Why AI’s Marketing Applications Are Narrow

But the technology's role is poised to expand

Artificial intelligence (AI) is a hot topic in the marketing industry even though many marketers feel unprepared for it. Nikos Acuna, chief visionary at Sizmek, spoke with eMarketer’s Ross Benes about how marketers may use the technology in the future.

eMarketer:

How are marketers using AI today?

Nikos Acuna:

AI is being used in recommendation engines. Marketers are also using it within predictive analytics. And there are several companies aiming to use it within a real-time bidding infrastructure.

eMarketer:

Can you explain?

Nikos Acuna:

I’m talking about applying a specific score to an impression opportunity. Right now, most companies are dealing with broad buckets of inventory. So they want to use hard constraints on a specific campaign. They want to target people in specific geographies or specific types of locations.

That’s very different from an AI-driven approach. A true AI approach would ultimately analyze [where marketers can most efficiently drive conversions] and then on its own, adapt in real time to achieve those outcomes.

eMarketer:

Could AI be used to help marketers verify whether they’re bidding into first-price or second-price auctions?

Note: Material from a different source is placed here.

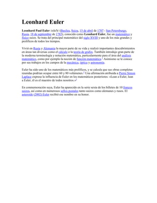 Leonhard Euler fue un destacado matemático y físico suizo del siglo XVIII, considerado uno de los más grandes de la historia. Vivió principalmente en Rusia y Alemania, donde realizó importantes contribuciones al cálculo, la teoría de grafos y campos como la mecánica, óptica y astronomía. Fue uno de los matemáticos más prolíficos, calculándose que sus obras completas podrían ocupar entre 60 y 80 volúmenes. Se le atribuye haber introducido gran parte de la moderna
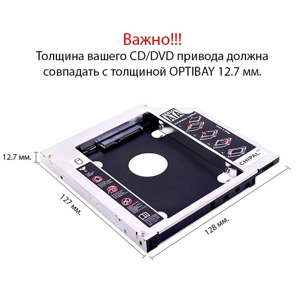 Отзывы на Переходник Optibay 12.7 мм SATA (Second HDD Caddy) / mSATA для жестких дисков или SSD (оптибей)

An AI that you can teach to play a game of chess and get checkmate every time can’t buy inventory at scale within a real-time bidding environment.

Nikos Acuna:

That’s a big topic right now as marketers consolidate the number of demand-side platforms that they are using. The rate at which marketers use AI to determine auction type or to figure out header bidding, the jury is still out on those specific issues. But it can definitely be applied if it’s set up properly to understand the broadest possible sense of data sets.

eMarketer:

Where do you think AI will face limitations?

Nikos Acuna:

AI is limited in everything that it does. It's inherently narrow.

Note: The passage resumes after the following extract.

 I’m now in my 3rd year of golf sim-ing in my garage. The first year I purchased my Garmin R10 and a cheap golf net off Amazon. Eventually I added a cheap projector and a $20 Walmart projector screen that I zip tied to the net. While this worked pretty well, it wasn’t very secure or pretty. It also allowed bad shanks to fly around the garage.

An AI that you can teach to play a game of chess and get checkmate every time can’t buy inventory at scale within a real-time bidding environment, nor can it learn how to talk to you the way that Siri does. There are a group of scientists that are working on making AI more versatile, but I would say AI is getting stronger within its narrow capacities. It’s absolutely going to get better the more data you push through it.

eMarketer:

Is AI the emerging technology that you’re most bullish about?

Nikos Acuna:

Oh, definitely. Blockchain is on my periphery in terms of its ability to use network integrity, but that's going to take awhile and it's going to be even more fragmented than the utilization of AI.

eMarketer:

What emerging technology do you think is most overhyped?

Nikos Acuna:

Everything is actually overhyped. But for those same people that call something overhyped, I challenge those folks to contribute to the discussion in ways that are going to deconstruct what is being overhyped. So I'm kind of the wrong person to ask that. I still think that AI is overhyped, and blockchain is as well.

eMarketer:

You think AI is overhyped even though you’ve just been telling me how great it is?

Any new technology is going to be a double-edged sword. This goes back to the discovery of fire. The same thing that helped us cook food was also used to burn villages.

Nikos Acuna:

Exactly.

eMarketer:

Aren’t you part of the reason then why AI is overhyped?

Nikos Acuna:

Probably. I definitely am bullish about AI, yet at the same time when people call it overhyped, I'm not the one that's going to call it overhyped when everything is overhyped.

eMarketer:

You seem very enthusiastic about new technology. But tech utopians are eating a lot of crow right now since we’re seeing social media empower white supremacists and large tech companies getting pulled into congressional hearings for failing to police themselves. Is it time to tamper down the exuberance over new gadgets?

Nikos Acuna:

If you think about it, any new technology is going to be a double-edged sword. This goes back to the discovery of fire. The same thing that helped us cook food was also used to burn villages.

We need to be more responsible. We need to be more cognizant and find early triggers before they have detrimental consequences to society.